Documentation

How Sentinel AI works

A single API call inspects both sides of an LLM conversation, runs every detector in parallel, and returns a structured risk report. Here's the full flow.

Analysis pipeline

Ingest

The caller sends a POST to /api/analyze with a prompt (user input) and/or a response (model output). Both fields are optional independently, but at least one must be non-empty.

Detect

Six detectors run against the payload simultaneously. Each detector defines one or more pattern-matching rules tuned for its signal class. Matches are extracted with a ±30-character context window.

Score

Each triggered flag carries a severity weight (critical=80, high=45, medium=20, low=5). The raw sum is capped at 100 with a diminishing-returns penalty for multiple flags, producing a final 0–100 score.

Classify

Score ≥ 70 → blocked. Score 30–69 → warning. Score < 30 → safe. The status drives the action your application should take.

Respond

The endpoint returns the score, status, sorted flag list with plain-English descriptions and excerpts, and a metadata block including detector count and ISO timestamp.

Detector reference

Prompt InjectionCRITICAL

Detects attempts to override system instructions or manipulate the model's behavior through adversarial prompt crafting — e.g. 'ignore all previous instructions', jailbreak phrases, DAN prompts.

Sensitive DomainCRITICAL

Catches requests that fall into high-risk categories: weapons synthesis, hacking guidance, self-harm methods, or production of dangerous substances.

PII LeakageHIGH

Identifies personally identifiable information exposed in model outputs — SSNs, credit card numbers, passport patterns, or plaintext passwords.

Data ExfiltrationHIGH

Detects prompts that attempt to extract training data, system prompts, or internal context through repetition or meta-query attacks.

Toxic ContentHIGH

Flags harmful, harassing, or hateful language in either prompt or response — including explicit threats and targeted harassment patterns.

Hallucination RiskMEDIUM

Identifies hedging language that masks unverified factual claims presented with false certainty — overconfident statements that warrant independent verification.

Scoring & thresholds

SAFE

0 – 29

Clean.
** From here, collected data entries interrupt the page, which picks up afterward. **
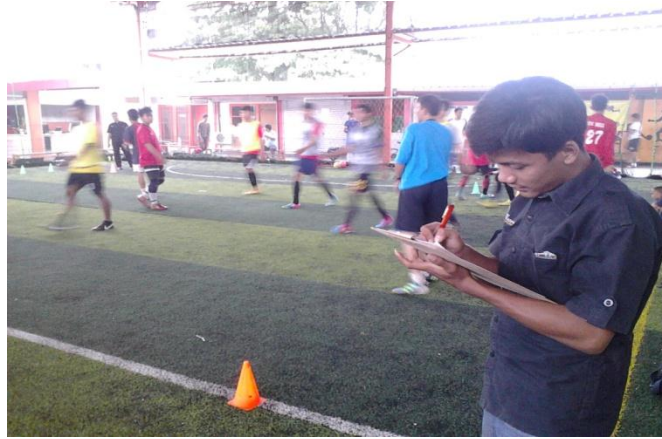
Kolaborator mengamati aktivitas pelatih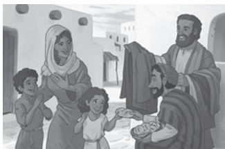
Lesson 1 Visual 4

DISPLAY: Show picture visual 4 or PowerPoint visual 4.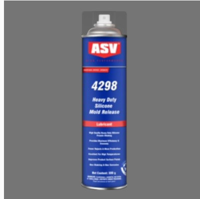
Silicone Lubricant Oil Spray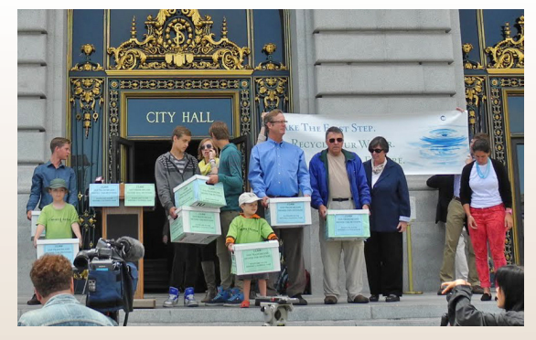
With media watching, volunteers deliver signatures to City Hall

Earlier this year, Restore Hetch Hetchy (RHH) launched a sister organization, the Yosemite Restoration Campaign (YRC), to actively and directly lead the campaign to pass the initiative, which is currently called the "Water Sustainability and Environmental Restoration Planning Act of 2012." If it passes, the city must develop a plan by 2015, which will then be placed before voters for approval in 2016.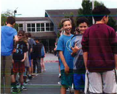
OCTOBER ▼ Ordway Otters enjoy the fall sunshine while participating in their annual jog-a-thon. Each class had their own theme, like these Otters who made a splash!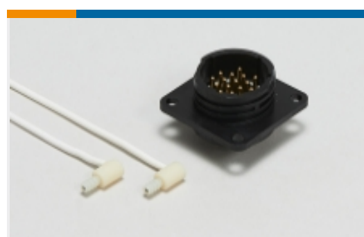
Circular Power Connectors(459)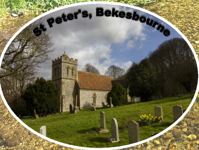
St Peter's, Bekesbourne

No action required.

WARNING

30 – 69

Review flags before continuing.

BLOCKED

70 – 100

Block or quarantine immediately.

API schema

Request / Response

POST /api/analyze

Request:
{
  "prompt":   string,   // User input sent to the model (optional if response provided)
  "response": string    // Model output to inspect (optional if prompt provided)
}

Response:
{
  "score":  number,     // 0–100 unified risk score
  "status": "safe" | "warning" | "blocked",
  "flags": [
    {
      "detector":    string,
      "label":       string,
      "description": string,
      "severity":    "low" | "medium" | "high" | "critical",
      "source":      "prompt" | "response" | "both",
      "excerpt":     string   // offending text window (~60 chars)
    }
  ],
  "meta": {
    "prompt_length":   number,
    "response_length": number,
    "detectors_run":   number,
    "analyzed_at":     string  // ISO 8601
  }
}

Runtime

The /api/analyze endpoint runs on the Next.js Edge Runtime — globally distributed, zero cold start, sub-50ms overhead. The intentional ~420ms delay in development is removed in production builds.